The Creditor's Place in the Bankruptcy Process
The point of bankruptcy is to give the debtor a chance at a fresh start, but that doesn’t mean that creditors aren’t entitled to try and collect what’s owed to them. This article will look at what creditors in bankruptcy can do to maximize their rights.
Limits of the Automatic Stay
The automatic stay is one of the most powerful tools the bankruptcy debtor has at his disposal. It stops collection efforts dead in their tracks and punishes those creditors who persist by fining them. However, the automatic stay is not absolute. There are several actions which the automatic stay will not stop. These include:
- Actions to collect child support or determine paternity.
- Actions to collect alimony.
- Criminal proceedings filed against the debtor.
- Evictions from residential rental property if the eviction order has already been signed.
- Suspension of driver's licenses.
- Suspension of professional licenses.
- Assessments of taxes or audits.
Types of Debts
A creditor’s chances of being repaid often depend on the type of debt they are trying to collect. A general rule is that creditors have a better chance of getting repaid for a secured debt than for an unsecured debt. A secured debt is a debt in which the creditor maintains some kind of interest in the property at issue. A mortgage is a secured debt because the creditor maintains an interest on the house. A car loan is a secured debt because the creditor maintains an interest in the automobile. Unsecured debts are those where credit is extended without taking any collateral to secure that credit. Credit card debt is probably the most common type of unsecured debt.
If a creditor has an unsecured debt in bankruptcy, they will be repaid when the property in which they have an interest is sold, assuming that selling the property factors into the repayment plan or Chapter 7 liquidation. If the creditor has an unsecured debt, they stand much less of a chance of collecting on it.
Dismissing a Bankruptcy Case For Fraud
Sometimes, debtors make mistakes when they file for bankruptcy. Whether intentional or not, these mistakes can provide grounds to try and get the case dismissed or to exempt a certain debt from the protection of the automatic stay. Some of the most common reasons for attacking a bankruptcy case include:
- Preferential Transfers. If a debtor transferred assets to a creditor within 90 days before he filed for bankruptcy and as a result that creditor is better off than they would have been under Chapter 7 bankruptcy, the transfer is deemed a preferential transfer.

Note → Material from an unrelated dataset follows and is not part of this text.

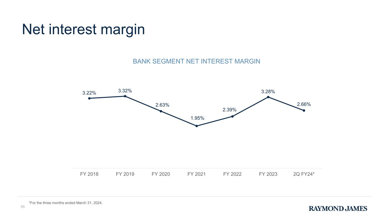 *In March 2023, we introduced our ESP, in which Private Client Group clients may deposit cash in a high-yield Raymond James Bank account. **3/31/2024 ESP balances include $324 million placed with third-party banks, which are not included in our bank deposit liability balance reflected on our Consolidated Statement of Financial Condition. 37.7 27.9 25.4 23.9 23.4 9.4 16.9 15.9 17.8 18.2 2.4 1.9 1.6 1.8 1.7 2.7 11.2 13.6 14.5 14.9 52.2 58.0 56.4 58.0 58.2 3/31/2023 6/30/2023 9/30/2023 12/31/2023 3/31/2024** RJBDP - Bank Segment RJBDP - Third-Party Banks CIP ESP* TOTAL CLIENTS’ DOMESTIC CASH SWEEP AND ENHANCED SAVINGS PROGRAM (ESP)* BALANCES $ BILLIONS Client cash balances 75
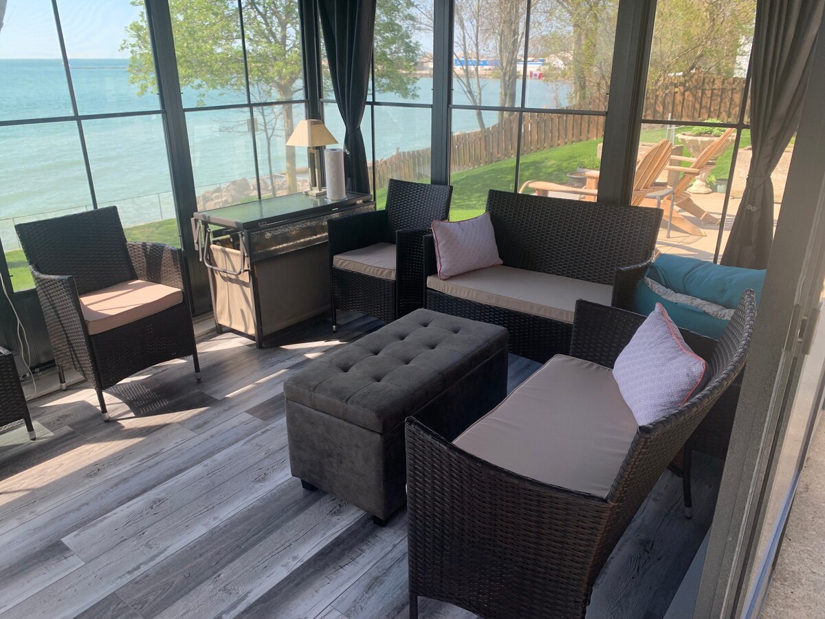 Sit by the water and enjoy this unique and tranquil getaway. Modern, new and stylish space with fully equipped modern kitchen. Stunning panoramic view of Lake Erie from inside and out. Exclusive use of an outdoor hot tub, open all year round. Beautiful garden attracting numerous butterflies and birds with access to the water. Less than 1Km to downtown Kingsville- enjoy excellent restaurants and shopping. Walking distance to Pelee winery and the Greenway trail for walking/jogging/biking.

The court assumes that preferential transfers are done to give certain creditors an unfair advantage over other creditors, and the bankruptcy trustee can nullify, or avoid, the transfer to again render the asset available for redistribution.
- Fraudulent Transfers. If a debtor transferred ownership of property to another with the intent to delay the collection process within two years of filing for bankruptcy, the transfer can be found to be a fraudulent transfer and avoided by the trustee. The two-year time limit may change depending on the state in which the bankruptcy has been filed.
- Bad Faith. If a creditor has been less than straightforward, responsible, and honest in filing their bankruptcy petition, they can be found to have acted in bad faith and the case can be dismissed. Making preferential or fraudulent transfers are both evidence of bad faith, as is trying to make a deal with one creditor in bankruptcy to the detriment of others.
The Creditor’s Place on a Chapter 11 Committee
In Chapter 11 bankruptcy, the bankruptcy trustee must assemble a committee of creditors who try to work with the debtor to make a repayment plan that satisfies all parties. This committee gets to vote on any repayment plan the debtor may submit and can use their influence to overrule it. Furthermore, if the debtor does not submit a repayment plan within 120 days after filing for Chapter 11 bankruptcy, the creditors may submit their own repayment plan.